Un appareil photo, c'est lourd comme une arme. Ca fait partie de ces objets, comme les machines à écrire à d'autres époques et en d'autres temps, qui rassurent ceux qui ne croient pas en Dieu. C'est réel. Il est beau mon Olympus: son objectif Leica, son design juste, intemporel, viril presque.
Les deux endroits où j'irais lorsque le confinement sera fini? L'esplanade de la Défense, vers ses statues dominatrices près des tours. Là ou Babylone te dit qu'elle t'a écrasé depuis Jean de Patmos mais que tu as été sa victime consentante, à biberonner de la puissance à ses mamelles d'acier. Des dollars, de l'oubli, du porno et du mépris. Même tes fils et tes filles aux fronts purs. L'étoile était souillée. Elle saignait cet âge d'homme qu'ils n'atteindraient jamais. A se rêver sans vivre. Sur Tinder, sur Insta. Là où les idéaux virent à la boue stagnante mais où les Golems nés de nos désirs revêtent les formes des plus belles chimères, de putes aux yeux d'astres et de magiciens. J'irais prendre des photos. Ainsi, je me sentirai petite et vivante. Je ne revendiquerai rien et ne rêverai rien. Je porte autant que les autres les péchés de mes pères. Mais bouger et viser. Voilà ce que je veux. L'appareil dans mes mains, la lumière dans mes yeux et les ombres et les ombres
Le deuxième endroit est l'aéroport du Bourget. Le Musée de l'air et de l'espace. Jaguar, Rafale. Bitume et tour de contrôle. C'est plein d'espions dans le restaurant. Je les observe en sirotant un Martini Dry. Ils me trouvent suspecte parce que je suis seule et jeune. Je ne baisse pas les yeux. Mon grand-père a contribué à l'aventure de ces avions sur le tarmac brûlant. Permettez l'orgueil de classe. Il a même servi la France et pratiquer à une autre échelle le renseignement. C'était à New-York, dans les années 50. Je l'ai su après sa mort.
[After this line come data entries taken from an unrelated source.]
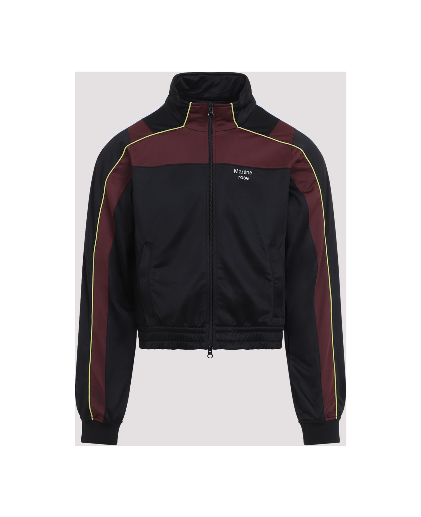 Martine Rose Shrunken Black Polyester Jacket. Crafted from black and burgundy tech fabric, featuring a contrasting piping on the front, a stand collar, two-way zip fastening, a logo embroidery on the chest, two front pockets, long sleeves, and elastic edges.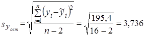 syост - оценка среднего квадратического отклонения результативного признака от линии регрессии в генеральной совокупности с учетом степеней свободы вариации.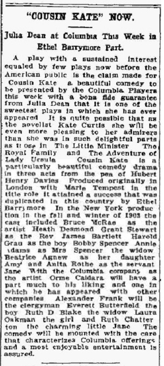Following The Prince Chap was Cousin Kate, also starring Julia Dean, a play originally made famous in the U.S. during its 1903 run that starred Ethel Barrymore, and now being staged in Washington at the Columbia the first week of August, 1909. It was this production that earned Ruth Chatterton her first mention in the press.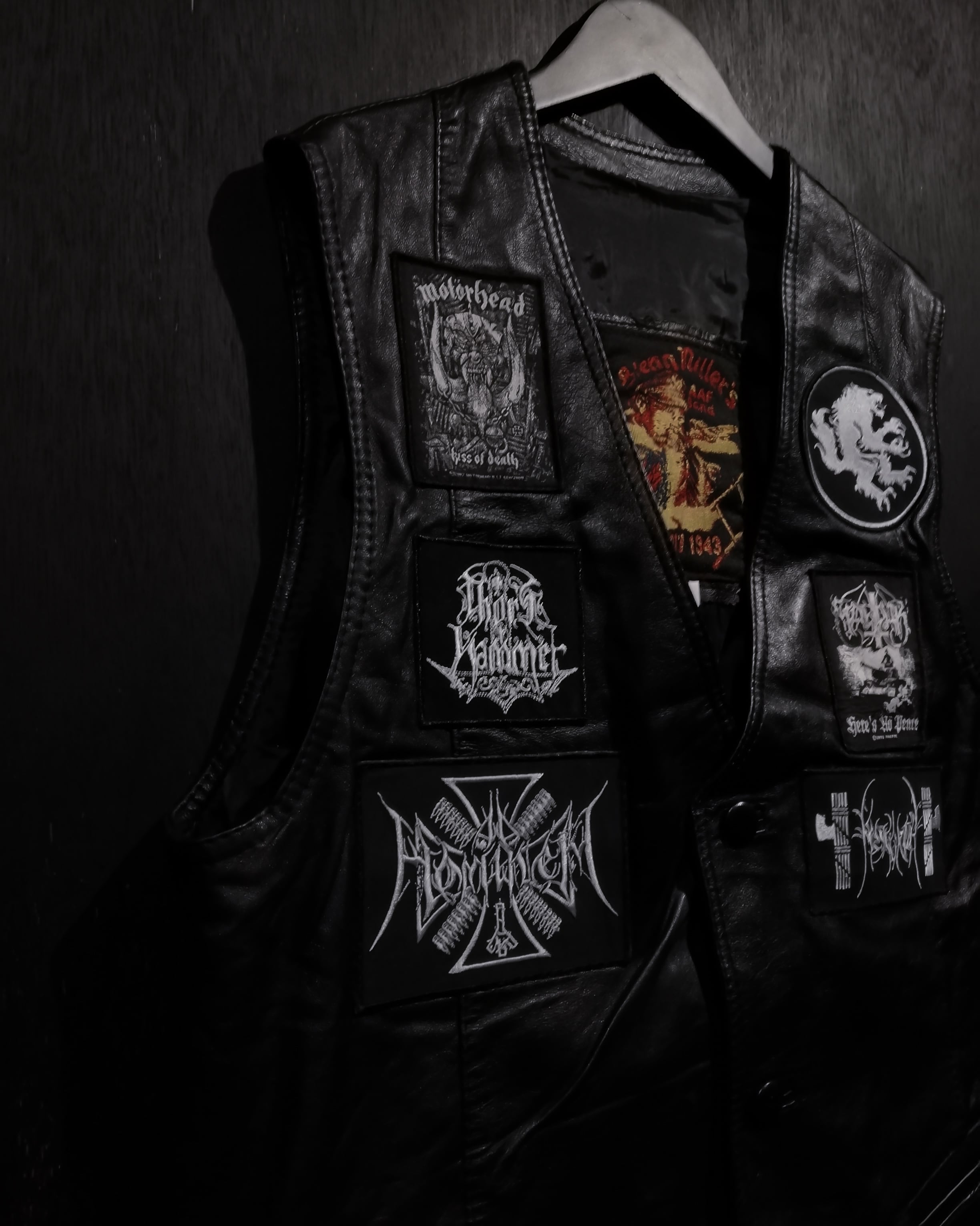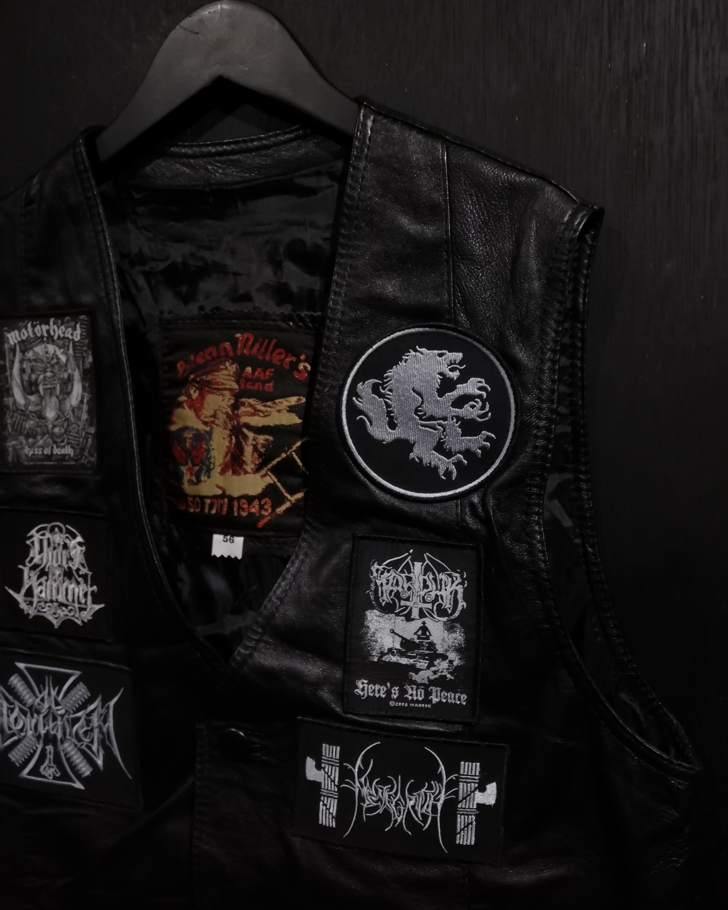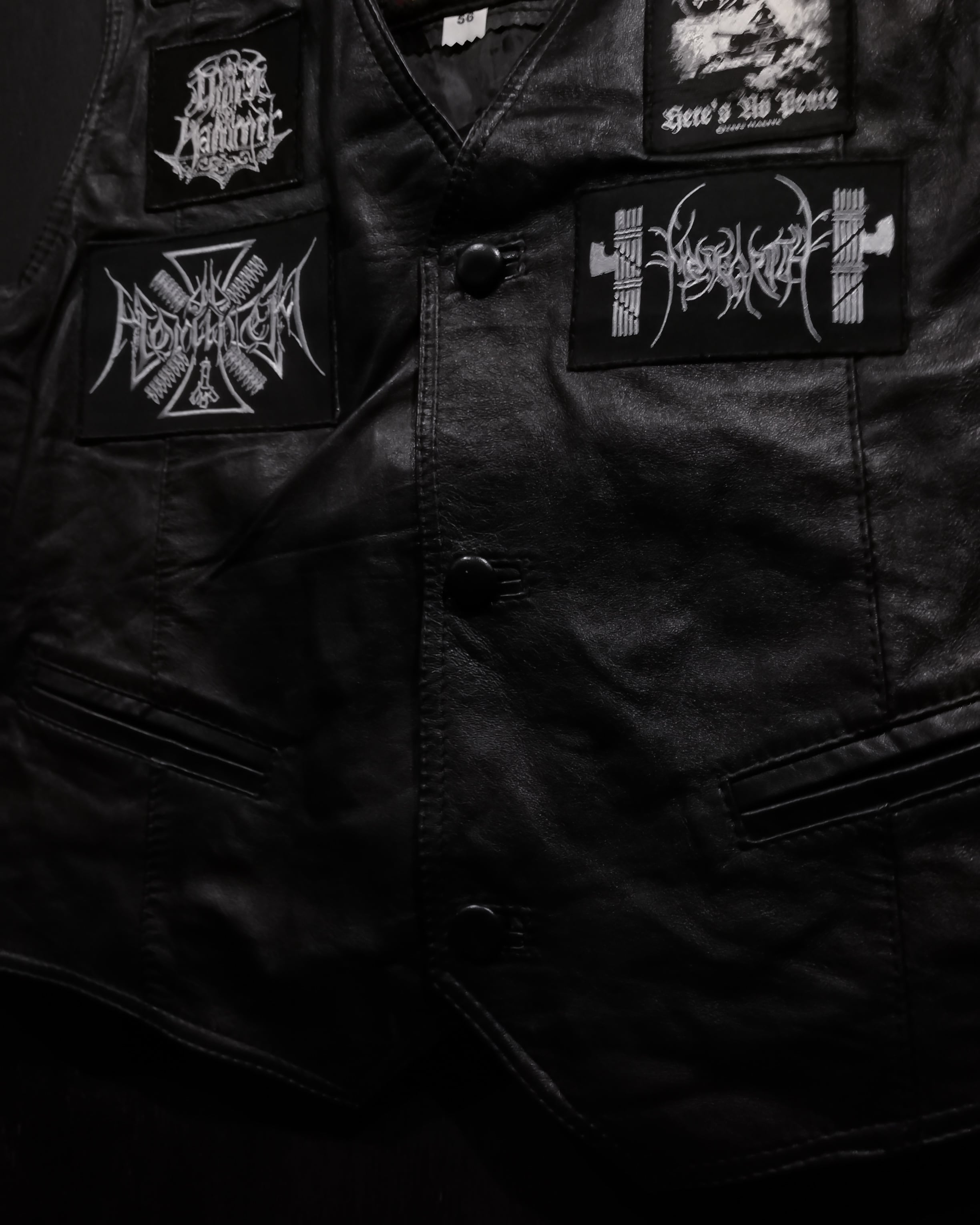 しっとりと柔らかい上質なブラックレザーのボディに、当店らしい、エッジの効いたワッペンカスタムが施されたレザーベスト。

Ce sera un jour chaud de juillet. Peut-être celui de mon anniversaire. Le monde aura été mis à genoux mais dans l'azur sans tâche repartiront les avions de chasse. Alors je sais que leur puissance réchauffera ma poitrine, plus fort que tous les Martini dry de la terre. Et je saurai alors en cet instant qu'il était bon de survivre.